## RECORDS FOR THIS TASK:
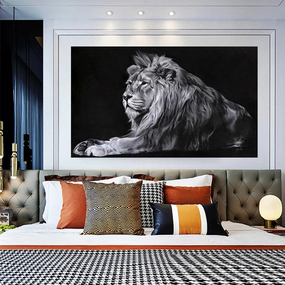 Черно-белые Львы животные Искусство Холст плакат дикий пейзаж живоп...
...
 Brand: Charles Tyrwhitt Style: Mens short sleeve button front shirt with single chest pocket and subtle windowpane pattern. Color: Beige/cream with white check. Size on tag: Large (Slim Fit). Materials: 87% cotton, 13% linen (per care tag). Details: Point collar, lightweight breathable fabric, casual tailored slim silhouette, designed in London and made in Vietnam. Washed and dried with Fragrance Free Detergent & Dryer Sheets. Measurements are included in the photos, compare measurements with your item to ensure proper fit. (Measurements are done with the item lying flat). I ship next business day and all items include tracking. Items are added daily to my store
==
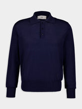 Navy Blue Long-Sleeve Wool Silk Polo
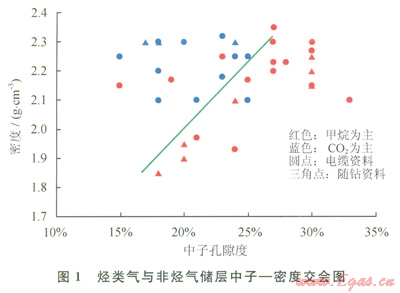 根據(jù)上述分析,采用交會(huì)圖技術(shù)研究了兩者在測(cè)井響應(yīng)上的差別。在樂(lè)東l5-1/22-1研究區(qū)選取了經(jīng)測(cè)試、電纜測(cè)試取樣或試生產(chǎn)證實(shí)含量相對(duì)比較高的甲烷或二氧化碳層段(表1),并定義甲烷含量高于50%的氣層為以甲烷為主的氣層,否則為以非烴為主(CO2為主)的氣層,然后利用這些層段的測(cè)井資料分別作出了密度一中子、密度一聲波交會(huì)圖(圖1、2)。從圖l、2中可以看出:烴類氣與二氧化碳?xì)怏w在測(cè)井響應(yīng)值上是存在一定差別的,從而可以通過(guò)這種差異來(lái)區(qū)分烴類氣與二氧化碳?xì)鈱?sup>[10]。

## WORK ITEM:
Reproduce, word for word, everything in the listing above from the line containing "Navy Blue Long-Sleeve Wool Silk Polo" down to the line containing "根據(jù)上述分析,采用交", both of them included. No pictures.

## PROBLEM SOLUTION:
 Navy Blue Long-Sleeve Wool Silk Polo
 根據(jù)上述分析,采用交會(huì)圖技術(shù)研究了兩者在測(cè)井響應(yīng)上的差別。在樂(lè)東l5-1/22-1研究區(qū)選取了經(jīng)測(cè)試、電纜測(cè)試取樣或試生產(chǎn)證實(shí)含量相對(duì)比較高的甲烷或二氧化碳層段(表1),并定義甲烷含量高于50%的氣層為以甲烷為主的氣層,否則為以非烴為主(CO2為主)的氣層,然后利用這些層段的測(cè)井資料分別作出了密度一中子、密度一聲波交會(huì)圖(圖1、2)。從圖l、2中可以看出:烴類氣與二氧化碳?xì)怏w在測(cè)井響應(yīng)值上是存在一定差別的,從而可以通過(guò)這種差異來(lái)區(qū)分烴類氣與二氧化碳?xì)鈱?sup>[10]。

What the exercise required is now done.